Workflow-task poll responses include stable resume context copied from the durable task payload:
| Field | Meaning |
|---|---|
workflow_wait_kind | The wait being applied by this task: update, signal, child, condition, timer, or null for ordinary replay/start tasks |
open_wait_id | Stable wait identity such as update:{id} or signal-application:{id} |
resume_source_kind / resume_source_id | Durable source that woke the task, such as workflow_update, workflow_signal, timer, or child_workflow_run |
workflow_update_id | Accepted update id when the task applies an update |
workflow_signal_id | Accepted signal id when the task applies a signal |
workflow_command_id | Control-plane command id that produced the task, when available |
activity_execution_id / activity_attempt_id / activity_type | Activity identifiers when the task resumes after a completed or failed activity |
child_call_id / child_workflow_run_id | Child wait identifiers when the task resolves a child workflow |
timer_id / condition_wait_id | Pure timer and timer-backed condition or signal wait identifiers when the task resumes after a timer |
workflow_sequence / workflow_event_type | History sequence and event type for event-backed activity, child, and timer resolution tasks |
Fields that do not apply are null. SDK workers should prefer these fields
over scanning history when they need to correlate a leased task with an
accepted update, signal, activity result, child resolution, or timer-backed
wait. Pure timer resumes set workflow_wait_kind: "timer",
open_wait_id: "timer:{timer_id}", resume_source_kind: "timer", and
timer_id.
Query Tasks
When a control-plane query targets a workflow whose code is owned by an external runtime, the standalone server cannot replay that workflow in the PHP process. Instead, it creates an ephemeral query task and waits for an active non-PHP worker on the workflow's task queue to execute it.
Query tasks are read-only. Workers replay the supplied history, invoke the registered query handler, and then complete or fail the query task. They do not write durable history events and they are not retried after the caller's control-plane query times out.
| Endpoint | Description |
|---|---|
POST /api/worker/query-tasks/poll | Long-poll for a query task on a worker's registered task queue |
POST /api/worker/query-tasks/{query_task_id}/complete | Submit the query result |
POST /api/worker/query-tasks/{query_task_id}/fail | Reject or fail the query |
Poll request:
{
"worker_id": "py-worker-1",
"task_queue": "orders"
}
Poll response:
{
"task": {
"query_task_id": "01J...",
"query_task_attempt": 1,
"workflow_id": "order-123",
"run_id": "01J...",
"workflow_type": "order-processing",
"query_name": "status",
"payload_codec": "avro",
"workflow_arguments": { "codec": "avro", "blob": "<base64-avro-bytes>" },
"query_arguments": { "codec": "avro", "blob": "<base64-avro-bytes>" },
"history_events": [],
"task_queue": "orders",
"lease_owner": "py-worker-1",
"lease_expires_at": "2026-04-18T12:00:00.000000Z"
},
"protocol_version": "1.0",
"server_capabilities": { "query_tasks": true }
}
task is null when the poll times out.

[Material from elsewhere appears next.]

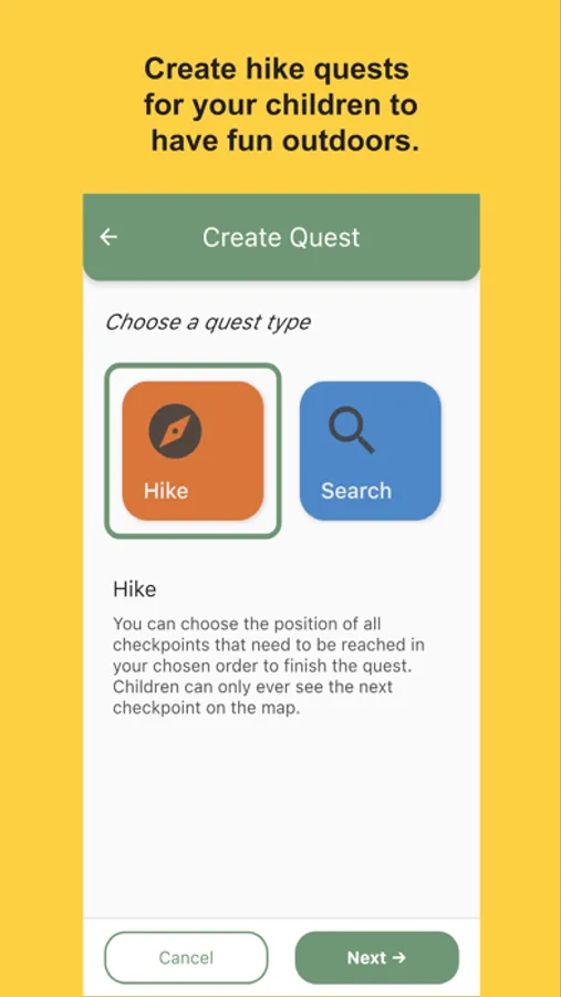 Hike Quest: Create a hike quest by placing markers on the map, and children collect them to complete the quest. Children can see their own position and the position of the markers on the map.

The worker must echo
lease_owner and query_task_attempt on completion or failure; stale attempts
and wrong lease owners are rejected.
Complete request:
{
"lease_owner": "py-worker-1",
"query_task_attempt": 1,
"result": { "status": "ready" },
"result_envelope": { "codec": "avro", "blob": "<base64-avro-bytes>" }
}
Fail request:
{
"lease_owner": "py-worker-1",
"query_task_attempt": 1,
"failure": {
"reason": "rejected_unknown_query",
"message": "unknown query 'status'",
"type": "QueryFailed"
}
}
Use reason: "rejected_unknown_query" when the workflow type has no matching
query handler; the control-plane caller receives 404. Other worker-side
query failures should use reason: "query_rejected" and return 409.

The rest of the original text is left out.